> **INPUT**
------------------------------------------------

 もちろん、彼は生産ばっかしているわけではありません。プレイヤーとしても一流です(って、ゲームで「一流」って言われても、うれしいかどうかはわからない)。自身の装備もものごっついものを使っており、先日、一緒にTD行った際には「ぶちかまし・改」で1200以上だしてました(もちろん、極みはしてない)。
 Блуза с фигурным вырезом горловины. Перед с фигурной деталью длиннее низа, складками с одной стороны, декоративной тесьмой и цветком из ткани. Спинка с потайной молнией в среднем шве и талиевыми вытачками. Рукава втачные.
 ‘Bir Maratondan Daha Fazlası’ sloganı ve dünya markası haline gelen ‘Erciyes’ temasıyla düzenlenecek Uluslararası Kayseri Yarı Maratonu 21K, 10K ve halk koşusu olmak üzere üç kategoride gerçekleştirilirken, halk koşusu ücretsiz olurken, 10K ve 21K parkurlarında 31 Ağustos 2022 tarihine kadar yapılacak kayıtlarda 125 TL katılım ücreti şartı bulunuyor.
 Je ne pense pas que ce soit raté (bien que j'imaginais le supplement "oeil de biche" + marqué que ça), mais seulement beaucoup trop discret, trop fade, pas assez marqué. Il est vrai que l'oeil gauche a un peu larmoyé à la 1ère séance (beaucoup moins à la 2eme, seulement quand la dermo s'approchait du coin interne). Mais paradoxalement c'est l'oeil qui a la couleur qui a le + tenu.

------------------------------------------------

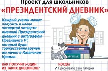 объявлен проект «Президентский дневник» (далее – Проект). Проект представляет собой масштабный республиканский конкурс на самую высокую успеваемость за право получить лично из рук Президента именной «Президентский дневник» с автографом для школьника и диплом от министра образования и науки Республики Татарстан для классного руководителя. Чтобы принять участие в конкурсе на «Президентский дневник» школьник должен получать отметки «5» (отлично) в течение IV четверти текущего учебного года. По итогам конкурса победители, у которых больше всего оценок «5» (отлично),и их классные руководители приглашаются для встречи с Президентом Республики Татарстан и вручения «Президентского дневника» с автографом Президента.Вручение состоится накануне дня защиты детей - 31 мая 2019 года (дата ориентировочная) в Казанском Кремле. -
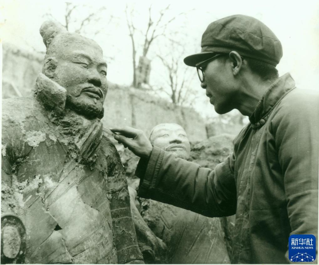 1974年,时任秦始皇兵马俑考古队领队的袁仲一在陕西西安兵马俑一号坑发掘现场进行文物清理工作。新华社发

------------------------------------------------

> **WHAT IS REQUIRED**
Print only what lies in the material above starting at the line with "もちろん、彼は生産ばっかして" and ending at the line with "ücreti şartı bulunuyor.", every line exactly as given.

> **RESULT OF THE TASK**
 もちろん、彼は生産ばっかしているわけではありません。プレイヤーとしても一流です(って、ゲームで「一流」って言われても、うれしいかどうかはわからない)。自身の装備もものごっついものを使っており、先日、一緒にTD行った際には「ぶちかまし・改」で1200以上だしてました(もちろん、極みはしてない)。
 Блуза с фигурным вырезом горловины. Перед с фигурной деталью длиннее низа, складками с одной стороны, декоративной тесьмой и цветком из ткани. Спинка с потайной молнией в среднем шве и талиевыми вытачками. Рукава втачные.
 ‘Bir Maratondan Daha Fazlası’ sloganı ve dünya markası haline gelen ‘Erciyes’ temasıyla düzenlenecek Uluslararası Kayseri Yarı Maratonu 21K, 10K ve halk koşusu olmak üzere üç kategoride gerçekleştirilirken, halk koşusu ücretsiz olurken, 10K ve 21K parkurlarında 31 Ağustos 2022 tarihine kadar yapılacak kayıtlarda 125 TL katılım ücreti şartı bulunuyor.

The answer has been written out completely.